**PROBLEM TO WORK ON**: Below this line is a set of entries; quote exactly the lines from the line that contains "경제적 측면에서 이번" to the line that contains "このモデルハウスは延床面積が", both lines included.

**DATASET EXTRACT**:
####################

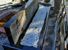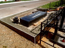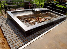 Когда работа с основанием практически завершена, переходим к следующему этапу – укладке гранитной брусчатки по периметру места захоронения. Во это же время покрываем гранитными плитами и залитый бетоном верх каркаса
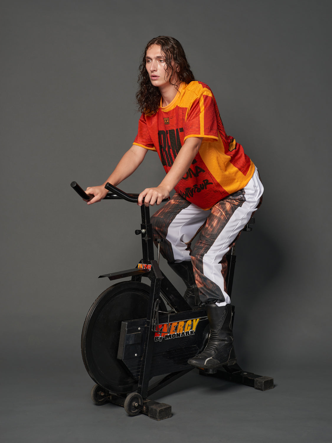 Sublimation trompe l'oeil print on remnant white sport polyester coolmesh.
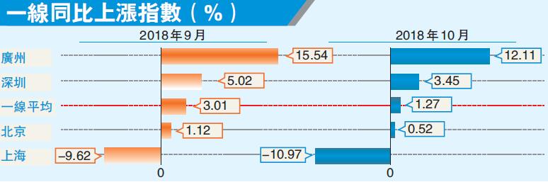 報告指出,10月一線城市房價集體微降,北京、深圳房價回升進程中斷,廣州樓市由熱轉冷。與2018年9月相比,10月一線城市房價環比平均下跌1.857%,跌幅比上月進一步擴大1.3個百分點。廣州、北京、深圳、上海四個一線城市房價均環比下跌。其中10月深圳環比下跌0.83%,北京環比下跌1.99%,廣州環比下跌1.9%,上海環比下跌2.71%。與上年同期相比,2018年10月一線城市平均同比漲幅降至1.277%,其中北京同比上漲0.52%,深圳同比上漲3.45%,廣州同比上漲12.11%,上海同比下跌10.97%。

####################

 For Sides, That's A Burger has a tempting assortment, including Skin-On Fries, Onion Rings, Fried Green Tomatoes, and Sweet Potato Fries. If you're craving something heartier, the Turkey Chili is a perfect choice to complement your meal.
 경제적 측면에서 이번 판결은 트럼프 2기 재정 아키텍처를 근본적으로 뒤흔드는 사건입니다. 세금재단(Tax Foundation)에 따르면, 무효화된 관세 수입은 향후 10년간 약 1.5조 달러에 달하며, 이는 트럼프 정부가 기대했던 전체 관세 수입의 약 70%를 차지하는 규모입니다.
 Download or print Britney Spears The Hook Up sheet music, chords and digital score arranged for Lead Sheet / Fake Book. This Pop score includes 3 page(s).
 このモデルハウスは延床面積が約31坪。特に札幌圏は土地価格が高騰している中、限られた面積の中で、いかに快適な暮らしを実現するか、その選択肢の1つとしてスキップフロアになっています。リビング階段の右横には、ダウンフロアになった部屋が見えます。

####################

**TASK OUTPUT**:
 경제적 측면에서 이번 판결은 트럼프 2기 재정 아키텍처를 근본적으로 뒤흔드는 사건입니다. 세금재단(Tax Foundation)에 따르면, 무효화된 관세 수입은 향후 10년간 약 1.5조 달러에 달하며, 이는 트럼프 정부가 기대했던 전체 관세 수입의 약 70%를 차지하는 규모입니다.
 Download or print Britney Spears The Hook Up sheet music, chords and digital score arranged for Lead Sheet / Fake Book. This Pop score includes 3 page(s).
 このモデルハウスは延床面積が約31坪。特に札幌圏は土地価格が高騰している中、限られた面積の中で、いかに快適な暮らしを実現するか、その選択肢の1つとしてスキップフロアになっています。リビング階段の右横には、ダウンフロアになった部屋が見えます。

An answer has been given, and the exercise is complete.